XII. - Sur l'article 76
L'article 76 fixe, conformément au 5o du I de l'article LO 111-3 du code de la sécurité sociale, les limites dans lesquelles les besoins de trésorerie des régimes obligatoires comptant plus de 20 000 cotisants actifs ou retraités titulaires de droits propres peuvent être couverts par des ressources non permanentes. Il s'agit d'une disposition normative essentielle des lois de financement de la sécurité sociale.
Or, les plafonds d'avances de trésorerie proposés appellent deux observations :
- premièrement, les plafonds consentis à la Caisse autonome de sécurité sociale dans les mines et au Fonds spécial des pensions des ouvriers des établissements industriels de l'Etat ne sont pas compatibles avec les encours de ces deux « régimes », présentés à l'annexe c du projet de loi, qui font apparaître que leur trésorerie reste, sur toute l'année 2002, excédentaire ;
- deuxièmement, le plafond d'avances de trésorerie consenti au régime général apparaît largement surestimé : il est fixé à 4 420 millions d'euros (soit 29 milliards de francs) depuis la loi de financement de la sécurité sociale pour 2000. Or, en 2000, le point le plus bas du profil de trésorerie a été de - 20,1 milliards de francs. Pour 2001, ce point le plus bas, chiffré à - 17 milliards de francs selon l'annexe c du projet de loi, aurait été finalement de seulement - 12 milliards de francs (cf. rapport Sénat no 60, tome IV, p. 196-201). Pour 2002, le point le plus bas serait de - 3 000 millions d'euros, soit un montant largement inférieur au plafond proposé (cf. annexe c du projet de loi).

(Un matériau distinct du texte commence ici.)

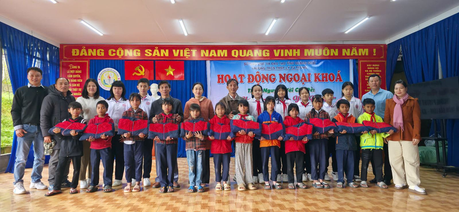 Trong tiết trời mùa đông se lạnh của những ngày cuối năm 2025, hoạt động thiện nguyện mang tên “Gửi hơi ấm – Trao yêu thương” đã diễn ra đầy cảm xúc và ý nghĩa, thể hiện tinh thần nhân ái, sẻ chia của tập thể lãnh đạo, giáo viên, nhân viên, học sinh và phụ huynh Trường THCS Thực hành Sư phạm Lý Tự Trọng. Sáng ngày 23 tháng 12 năm 2023, đại diện tập thể lãnh đạo, giáo viên, nhân viên, học sinh và cha mẹ học sinh Trường THCS Thực hành sư phạm Lý Tự Trọng đã tổ chức hoạt động ngoại khóa tại hai điểm trường thuộc xã Kon Plông, tỉnh Quảng Ngãi, nhằm mang đến những món quà ý nghĩa và tiếp thêm động lực cho các em học sinh vùng cao vượt qua mùa đông khắc nghiệt.
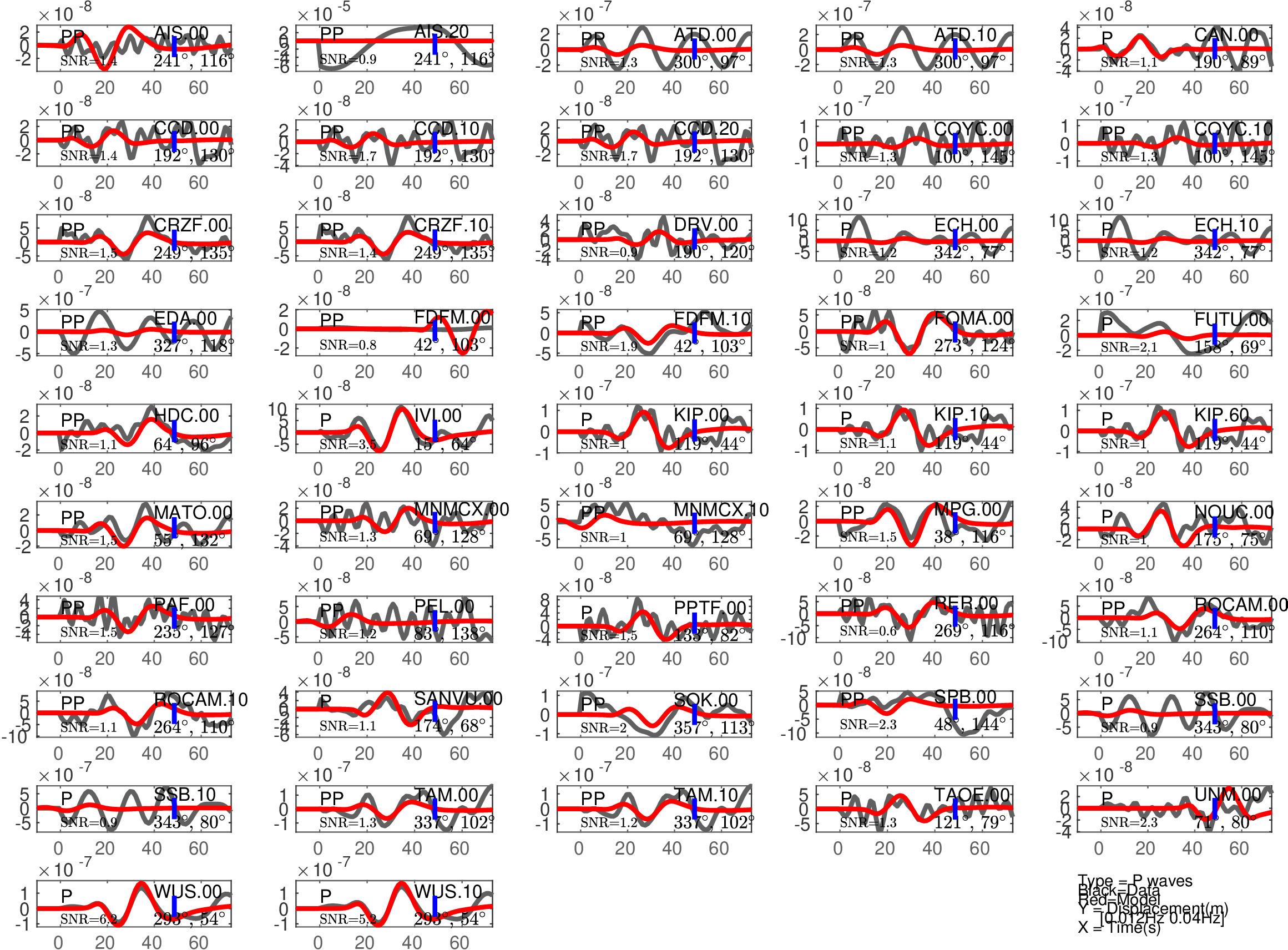 Figure 1: Agreement between data (black) and synthetics (red) for P or PP waves (the type of waves used is indicated in each subfigure). The comparison is shown with a time shift (noted 'Dt1' in Table 1), corresponding to the optimal fit ('Fit1' in Table 1) before the blue tick. Also indicated are the azimuth and distance of the station, and the signal to noise ratio (SNR). Note that the prediction done for PP waves is expected to be less accurate than the one for P waves.
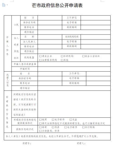 芒市政府信息公开申请表
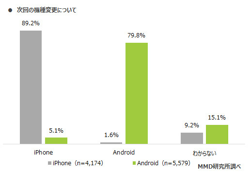 一方、Androidユーザーは79.8%が「次もAndroid」と答え、5.1%がiPhoneに乗り換えようとしていた。残りの15.1%は「わからない」と回答している。
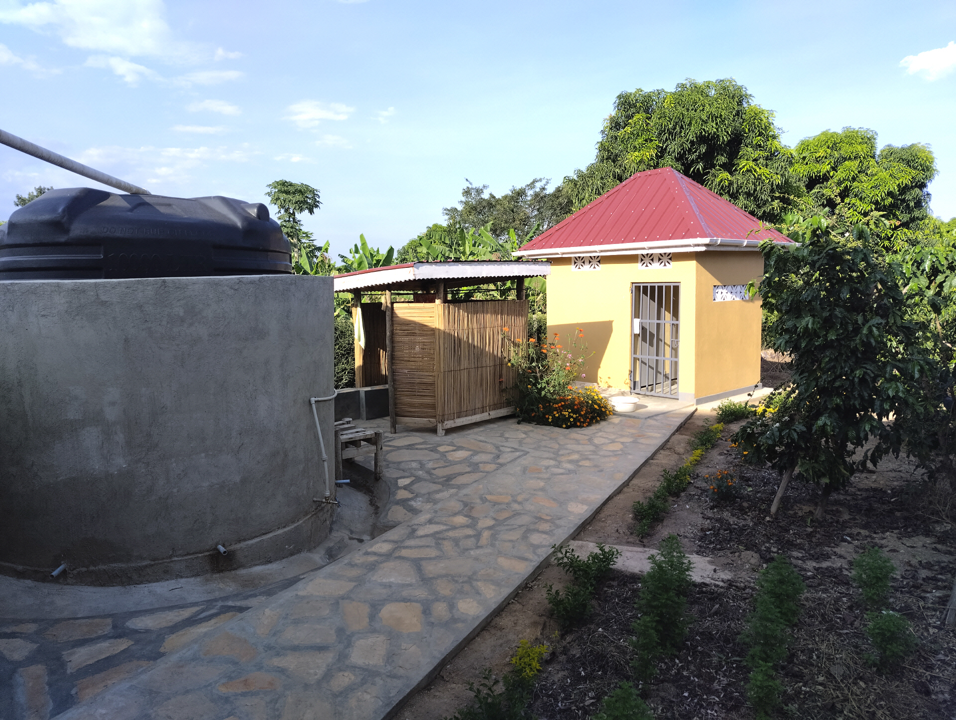 Für die Körperpflege unter freiem Himmel ist der Regenwassertank zuständig und ein separates, sauberes Gäste Plumpsklo.
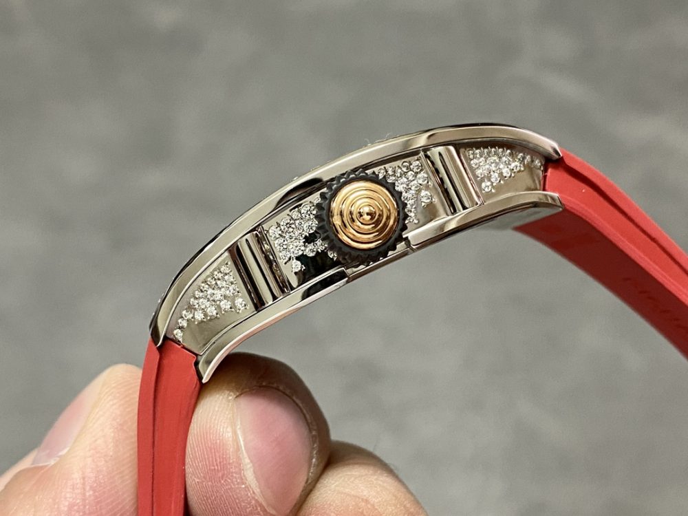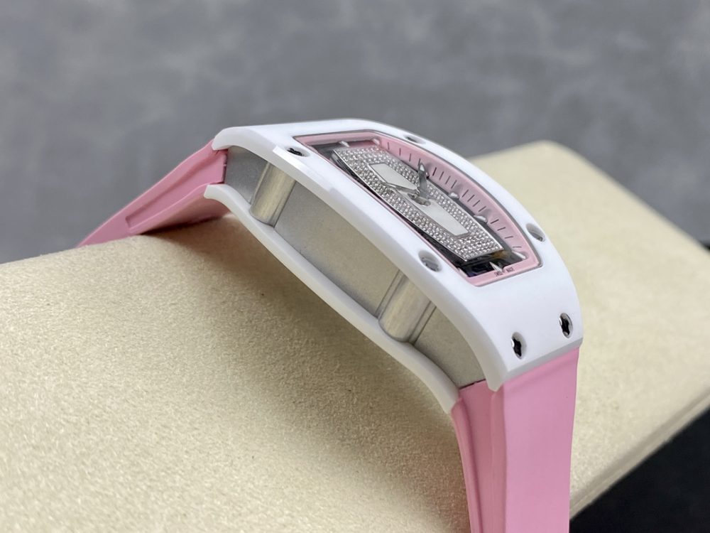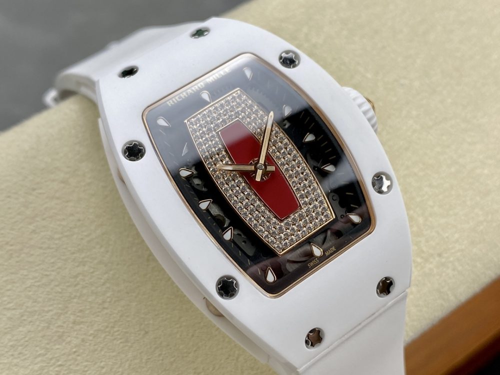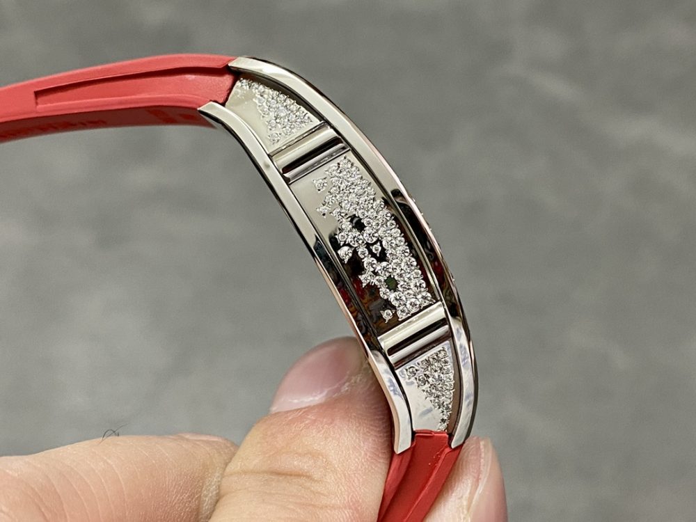 BBA厂推出的这款高仿手錶,精准復刻了理查德米尔RM07-01红唇腕錶。作为一款精密的機械手錶,它采用原版ZTA陶瓷表壳与定制机芯,1:1还原正品尺寸。这款高仿腕錶配备蓝宝石镜面与进口氟橡胶表带,细节处更以手工镶嵌工艺打造,致力于为爱好者提供高品质的復刻手錶体验。
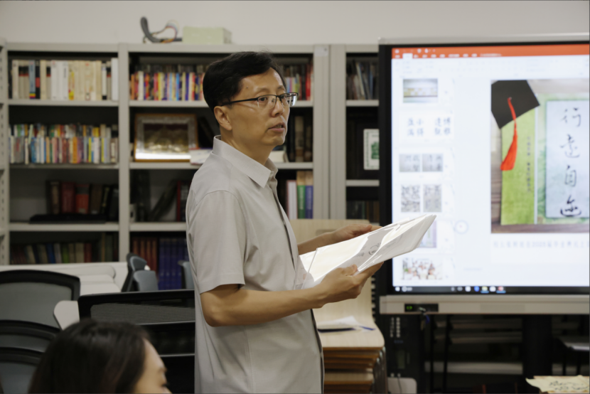 El profesor Man Yunhan ofrece una explicación durante la actividad de caligrafía
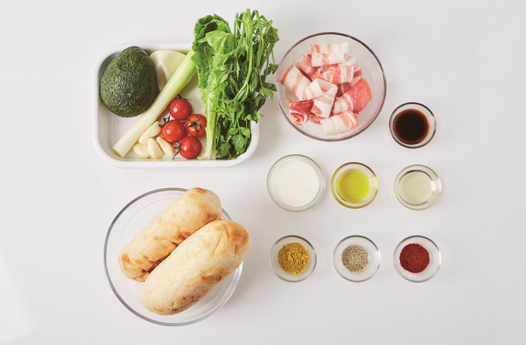 [ 2인분 ] 방울토마토(4개), 아보카도(1개), 로메인(4장), 양파(¼개), 대파(15cm), 미나리(⅓줌=50g), 마늘(5쪽), 대패삼겹살(100g), 치아바타(2개), 올리브유(0.5Ts), 후춧가루(약간), 간장(1Ts), 꿀(1Ts), 카레가루(1Ts), 고운 고춧가루(0.3Ts), 플레인 요거트(2Ts) + 꿀(1Ts)
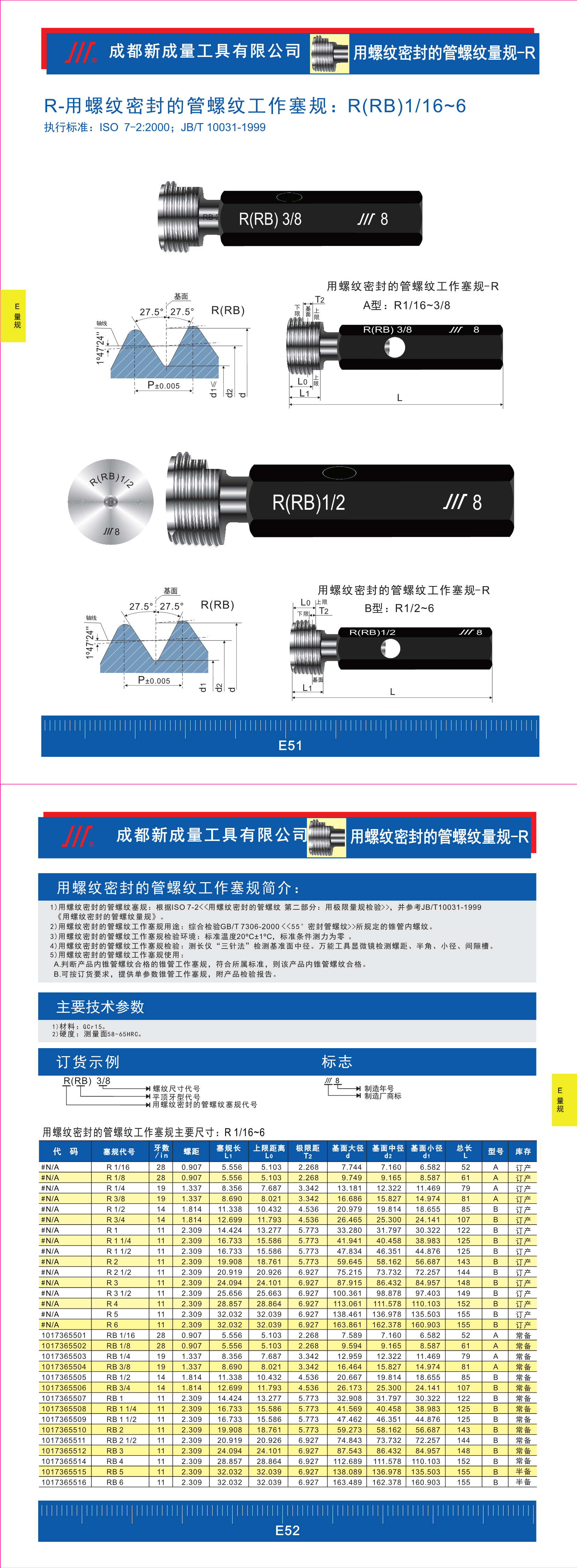 R-55°锥管螺纹塞规执行标准: ISO 7-2:2000;JB/T 10031

Dans ces conditions, l'adoption de plafonds d'avances de trésorerie soit inutiles (CANSSM, FSPOIE), soit largement surestimés (régime général, régime agricole), doit être censurée au regard du principe de sincérité et des dispositions du 5o du I de l'article LO 111-3 du code de la sécurité sociale et de l'article LO 111-5 du même code : les plafonds d'avances de trésorerie avaient pour vocation de servir au Parlement « d'indicateurs d'alerte » sur la situation de tel ou tel régime. C'est pour cette raison que le législateur organique de 1996 avait prévu que le Gouvernement ait la possibilité de prendre à tout moment un décret relevant ce plafond, cette disposition réglementaire devant être ratifiée « dans le plus prochain projet de loi de financement de la sécurité sociale ».
Dans un sens inverse, le plafond d'avances de trésorerie consenti à la CNRACL (500 millions d'euros) s'appuie sur une hypothèse particulièrement optimiste de l'encours de trésorerie de ce régime. En effet, selon les propres calculs de la CNRACL, un plafond de 650 à 700 millions d'euros serait au minimum nécessaire, ce qui pose la question de la « sincérité » du plafond retenu par l'article 76. Du reste, le plafond prévu par la loi de financement de la sécurité sociale pour 2001 semble avoir été, dans les faits, dépassé (cf. rapport Sénat, no 60, tome III, p. 30).
Les sénateurs requérants demandent ainsi l'annulation de l'ensemble de l'article 76, qui apparaît contraire à la loi organique du 22 juillet 1996 et au principe de sincérité.
Pour ces motifs, et pour tout autre qu'il plairait à votre conseil de soulever d'office, les auteurs de la présente saisine demandent au Conseil constitutionnel de déclarer contraire à la Constitution la loi de financement de la sécurité sociale pour 2002, et notamment les articles 12, 13, 16, 17, 18, 30 paragraphe III, 42, 56, 59, 60, 67, 68, 69, 70, 71, 72, 73 et 76.